• **EXERCISE PROMPT**
From the first line of the data below through the line bearing "Enjoyed a fantastic", reproduce each line exactly; do not include pictures.

┌─ AVAILABLE DATA

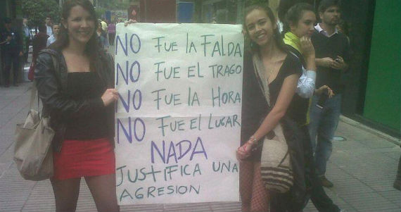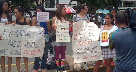Las manifestantes, que este domingo enarbolaron pancartas en la que consignaron frases contra los violadores y la violencia de género, también criticaron al dueño del establecimiento, Andrés Jaramillo, quien sugirió, en declaraciones a una emisora de radio, que la minifalda que lucía la joven que formuló la denuncia pudo incidir en la agresión sexual.
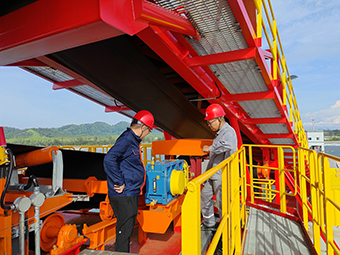 為保障碼頭土建順利進行,華新團隊要在大風、暴雨等惡劣天氣來臨前完成設備調試并實現轉移,為碼頭廊道澆筑留出時間和空間。項目經理周逸、電氣工程師趙洋帶領華新團隊克服場地受限、設備調試時間緊、工程車調度時間久等困難,加班加點堅守項目一線,第一時間解決設備調試過程中產生的問題,最終保障項目如期完成進度,為碼頭順利完工打下了基礎。
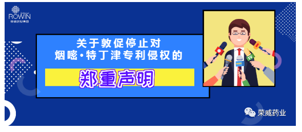 榮威藥業(yè)提醒各位友商、同行能引起重視,相信同行企業(yè)尊重知識產(chǎn)權(quán)、尊重專利人利益,避免引發(fā)法律風(fēng)險承擔(dān)法律責(zé)任。
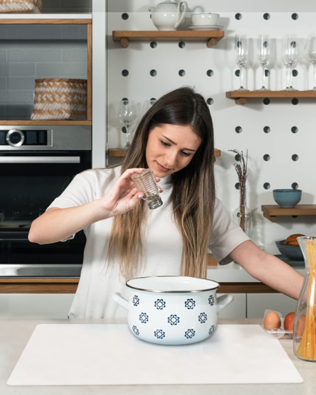 - 🎯Heat Resistant Placemats: The effective insulation of these translucent extra large silicone mat could reach to 446℉(230℃), can protect your dining table or countertop from heat containers. Please don't put the clear silicone mat near the open fire. Protect your countertop from pigment stains, glue, scratches, burns, grease, etc.
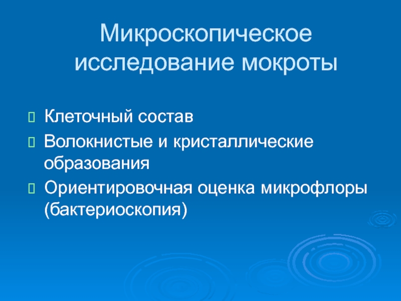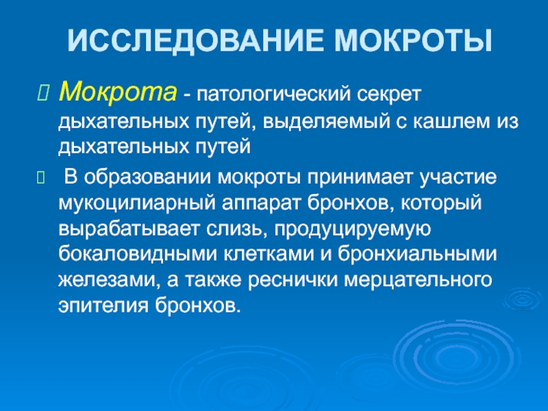 Слайд 2ИССЛЕДОВАНИЕ МОКРОТЫ
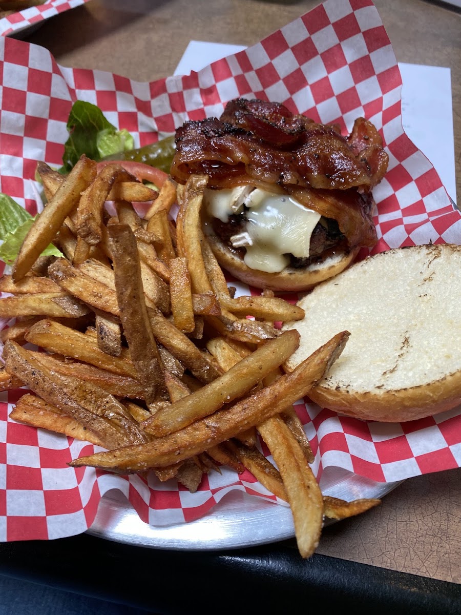 Enjoyed a fantastic burger and fries here. Quality ingredients and cooked super fresh. They took care of our table of 5 with ease. Clean, spacious dining area with sports on TV, dog friendly. Would love to come back and try the beers next time.
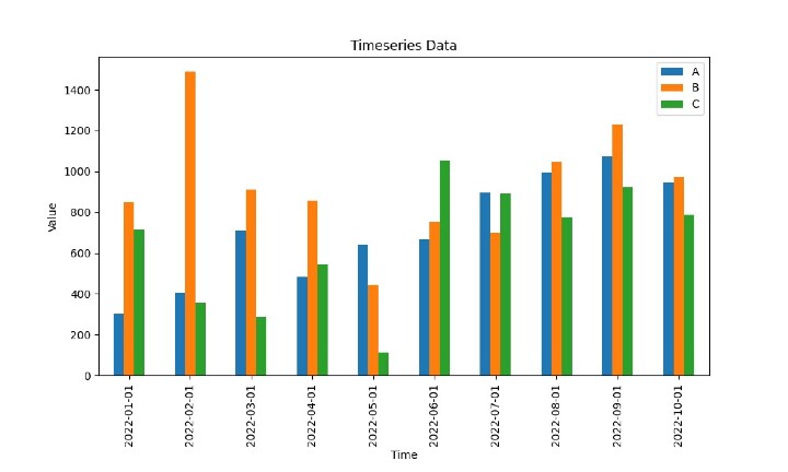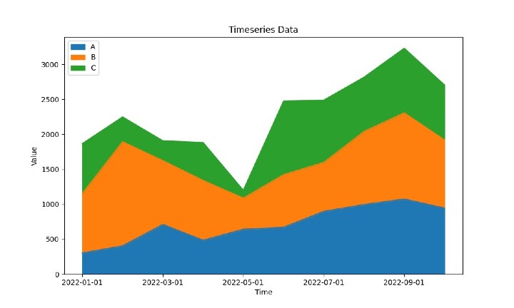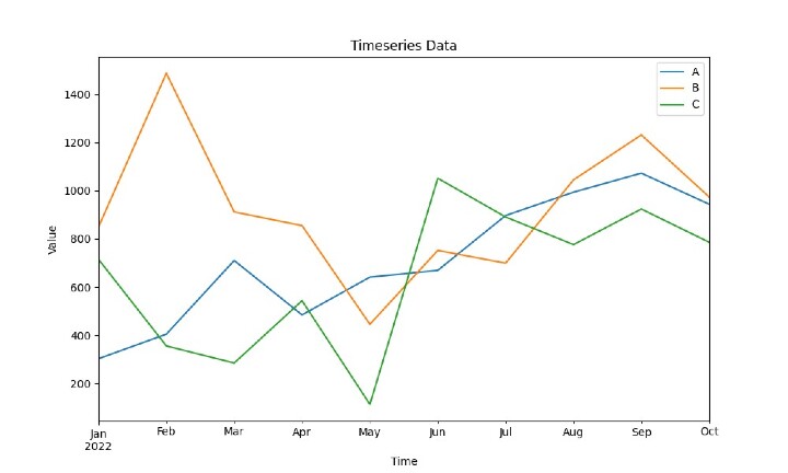 A B C Date 2022-01-01 302 849 715 2022-02-01 404 1488 355 2022-03-01 710 912 284 2022-04-01 484 855 543 2022-05-01 641 445 112 2022-06-01 669 752 1052 2022-07-01 897 699 891 2022-08-01 994 1045 776 2022-09-01 1073 1232 924 2022-10-01 944 974 786
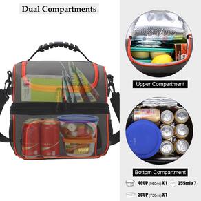 O máximo desempenho atende à máxima conveniência. Esta lancheira térmica de luxo resistente de dois andares tem o tamanho certo para almoço ou viagem. É bem isolada e contém dois compartimentos, um bolso frontal com zíper, dois bolsos laterais de malha com alça extra ajustável e uma bolsa traseira de fecho aderente e porta-cartões, bem como uma alça de ombro ajustável. Feita de poliéster resistente com um interior de folha térmica, é ótima para transportar qualquer coisa que você precise manter no lado mais frio ou quente. Se você estiver embalando uma lancheira de adulto para sua refeição de trabalho durante a semana, para uma viagem de piquenique ou simplesmente para levar itens frios do supermercado para o freezer em casa, achamos que esses dois deques são perfeitos para uma infinidade de propósitos. Basta colocá-la sobre o ombro e a cabeça para a colina gramada mais próxima! Os dois compartimentos mantêm os itens quentes e frios separados, enquanto o forro à prova de vazamento e o exterior são fáceis de limpar. A alça de ombro transversal ajustável com uma almofada de ombro oferece conforto durante o transporte. Dois compartimentos separados Esta lancheira oferece diferentes maneiras de embalar sua comida. Seus 2 compartimentos isolados permitem que você se mantenha organizado e separe alimentos/bebidas quentes e frias. Perfeito para adultos que só precisam embalar 1+ refeição Isolamento Forro com material de folha de alumínio espesso, interior acolchoado com isolamento de espuma espessa para manter os alimentos frios/quentes/frescos por horas, Design durável e elegante O estilo MIER adiciona um toque à lancheira unissex para marcar sua estatura dentro e fora de serviço. Feito de poliéster 300-denier com um revestimento de PU para ajudar a garantir o uso duradouro Material exterior: poliéster durável Forro de isolamento: forro de alumínio grosso de grau alimentício Peso: 600 g Comprimento das alças de ombro: 68-132 cm Altura do ombro: 38-71 cm O tamanho interno da seção superior é 25 cm C x 19 cm L x 11 cm A O tamanho interior da seção inferior é 25 cm C x 19 cm L x 14 cm A - Bolsa de almoço com 2 compartimentos ---- Esta lancheira oferece diferentes maneiras de embalar sua comida. A seção superior "seca" apresenta uma abertura em U e puxadores de zíper duplo para fácil acesso, ideal para itens que não vazam, como frutas, lanches ou tortas. A seção "fria" com fecho de zíper duplo inferior é isolada sem vazamento com forro de folha macia, perfeita para bebidas, água, suco e similares - Bolsa térmica térmica ---- Espuma de isolamento térmico espessa e forro de alumínio de grau alimentício trabalham juntos para manter o conteúdo frio/quente/fresco por horas; fácil de limpar. O tamanho interno da seção superior é 25 cm C x 19 cm L x 11 cm A, o tamanho interior da seção inferior é 25 cm C x 19 cm L x 14 cm A - Refrigerador de alta confiabilidade ---- um bolso frontal com zíper para guardar utensílios e guardanapos, dois bolsos laterais de malha com alças extra ajustáveis para garrafas de bebidas e latas de refrigerante, uma bolsa traseira com fecho de fecho aderente e um porta-cartões transparente, dando a você acesso fácil a tudo o que você precisa para um almoço perfeito - Confortável de carregar ---- A alça de ombro removível e ajustável para facilitar o transporte. O comprimento ajustável (MIN: 68.6 cm, MAX: 132.1 cm) serve para a maioria das pessoas ao redor do ombro na queda de um chapéu para um transporte sem as mãos. A alça de silicone MIER com design especial 2.0 garante que você tenha uma aderência confortável - Bolsa de almoço grande versátil ---- Grande capacidade com espaço suficiente, mas não muito volumosa e 7 cores para suas diferentes necessidades. Cooler perfeito para piquenique ao ar livre, churrascos, acampamento, praia, esportes, caminhadas, viagens, trabalho, etc. Ideal para homens e mulheres. Um bom presente para familiares e amigos - Pacote: 1 lancheira e 1 alça de ombro removível
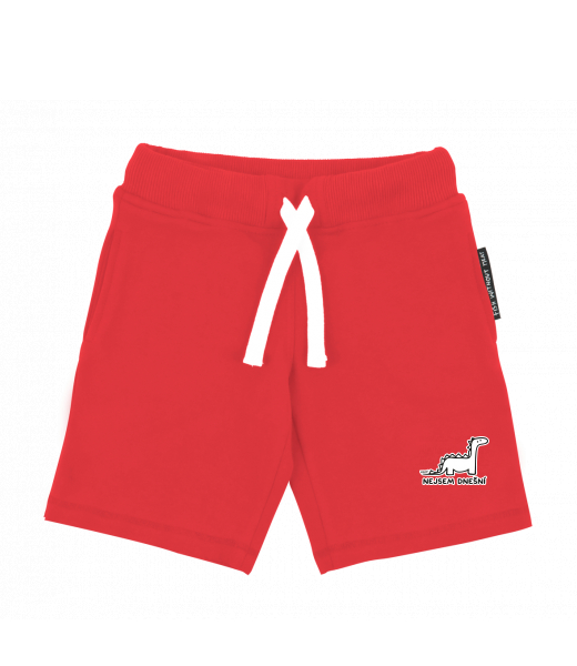 Dětské kraťasy s originálním potiskem pro děti s potiskem 1209 NEJSEM DNEŠNÍ v barvě RED
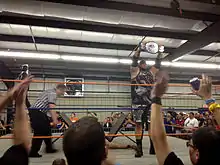 Starting in late 2013, Bully Ray and Devon have been something of a fixture within Tommy Dreamer's House of Hardcore promotion. On November 9, 2013, at HoH 3, Bully Ray attacked Dreamer and Terry Funk following the main event, claiming that Dreamer offended him by not inviting him to the show, before challenging Dreamer to a falls-count-anywhere street fight at the TNA One Night Only pay-per-view event Old School. Spike Dudley came out to make the save only to be beaten by Bully as well, whereas Devon appeared to confront Bully—only to turn around and aid him as the two hit Dreamer with a 3D, then fended off an attempted save by the Sandman.[71] Team 3D were also scheduled to officially team together against Dreamer and Abyss, then against Bad Influence (Christopher Daniels and Frankie Kazarian), on June 6 and 7, 2014 at House of Hardcore 4 and 5 respectively.[72][73] However, Bully Ray was pulled out of both events by TNA President Dixie Carter, turning the on-screen feud between Bully and Carter in TNA into a crossover storyline involving talent associated with both promotions.[74] On July 13, 2014, Team 3D defeated Kevin Steen and Jason Axe to win the 2CW Tag Team Championship.[75] On November 15, 2014, at HOH VII, Team 3D defeated NWA World Tag Team Champions Killer Elite Squad (Davey Boy Smith, Jr. and Lance Archer).[76]

└─

• **EXERCISE RESULT**
Las manifestantes, que este domingo enarbolaron pancartas en la que consignaron frases contra los violadores y la violencia de género, también criticaron al dueño del establecimiento, Andrés Jaramillo, quien sugirió, en declaraciones a una emisora de radio, que la minifalda que lucía la joven que formuló la denuncia pudo incidir en la agresión sexual.
 為保障碼頭土建順利進行,華新團隊要在大風、暴雨等惡劣天氣來臨前完成設備調試并實現轉移,為碼頭廊道澆筑留出時間和空間。項目經理周逸、電氣工程師趙洋帶領華新團隊克服場地受限、設備調試時間緊、工程車調度時間久等困難,加班加點堅守項目一線,第一時間解決設備調試過程中產生的問題,最終保障項目如期完成進度,為碼頭順利完工打下了基礎。
 榮威藥業(yè)提醒各位友商、同行能引起重視,相信同行企業(yè)尊重知識產(chǎn)權(quán)、尊重專利人利益,避免引發(fā)法律風(fēng)險承擔(dān)法律責(zé)任。
 - 🎯Heat Resistant Placemats: The effective insulation of these translucent extra large silicone mat could reach to 446℉(230℃), can protect your dining table or countertop from heat containers. Please don't put the clear silicone mat near the open fire. Protect your countertop from pigment stains, glue, scratches, burns, grease, etc.
 Слайд 2ИССЛЕДОВАНИЕ МОКРОТЫ
 Enjoyed a fantastic burger and fries here. Quality ingredients and cooked super fresh. They took care of our table of 5 with ease. Clean, spacious dining area with sports on TV, dog friendly. Would love to come back and try the beers next time.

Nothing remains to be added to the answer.